Continuous lamination processes and large panel presses make it possible to produce laminated panels up to 12 m long. The combination of STYROFOAM™ core and steel surface gives panels structural strength and high insulating performance and enables entire walls to be formed, without the need for horizontal joints.
STYROFOAM solutions:
STYROFOAM extruded polystyrene insulation is widely used as the core material for cold store panels. It provides an ideal bonding surface for lamination to food-safe colour-coated steel.
STYROFOAM offers:
-
water and water vapour resistance: the closed cell structure makes it highly resistant to water in all forms, minimising the risk of ice build up;
-
long-term thermal performance: minimal degradation from repeated freeze/thaw cycles;
-
low thermal conductivity: the required thermal performance can be achieved with minimal thickness of insulation, maximising space utilisation;
-
long-term performance: minimising maintenance and running costs;
-
close dimensional tolerance: STYROFOAM can be supplied cut to accuracies of +/- 0.5mm, making it ideal for precision bonding.

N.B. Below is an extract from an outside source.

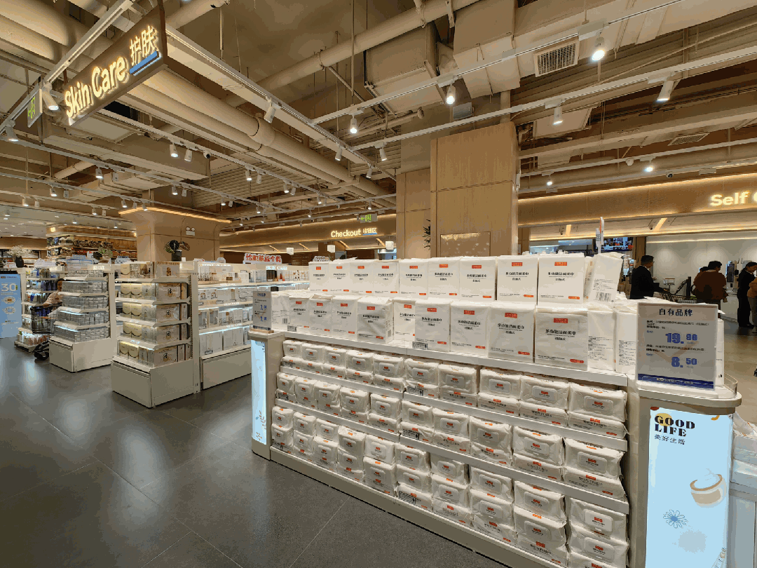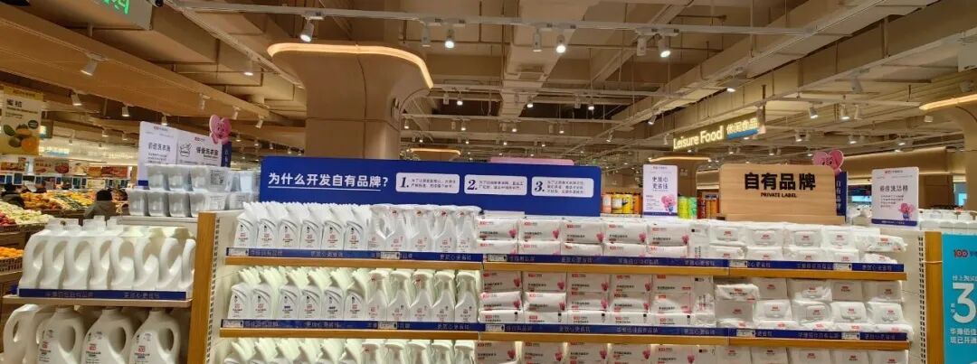 在日化區(qū),自有品牌的紙巾、洗衣液等放大陳列在片區(qū)最外沿,由于風(fēng)格統(tǒng)一且設(shè)計(jì)簡潔,非常有利于品牌的調(diào)性表達(dá)。

STYROFOAM LB-A is available in widths up to 1200mm for use in panels for chill rooms and mid-range cold stores. Dow manufactures billets of STYROFOAM which are supplied to a network of specialist fabricators. Dow can also supply customers directly with material in bespoke sizes, subject to minimum volume requirements.
Panel design:
The thickness of insulation in the panel core required to achieve a specified thermal performance (D) is calculated by the following equation:
D = λ.∆t/Q
where,
D = thickness of insulation (m)
Λ = lambda value of insulation (W/mK)
∆t = difference between internal and external temperatures
Q = Heat flow (W/m2)
Commonly used values for heat flow (Q) range from 8 - 10 W/m2.
Panel span capabilities:
The spanning capabilities of panels with cores of STYROFOAM are determined from known bending and I-beam principles. The theoretical deflection (d) of a panel supported at both ends with evenly distributed load is calculated from:
d = 5.P.l3/384.E.I + P.l/8.A.G
where,
d = deflection (mm)
P = load (N/mm) x Span (mm)
l = span (mm)
E = modulus of elasticity of the skin material (N/mm2)
I = moment of inertia of the panel (mm4)
A = distance between neutral axes of the facings x panel width (mm2)
G = shear modulus of the core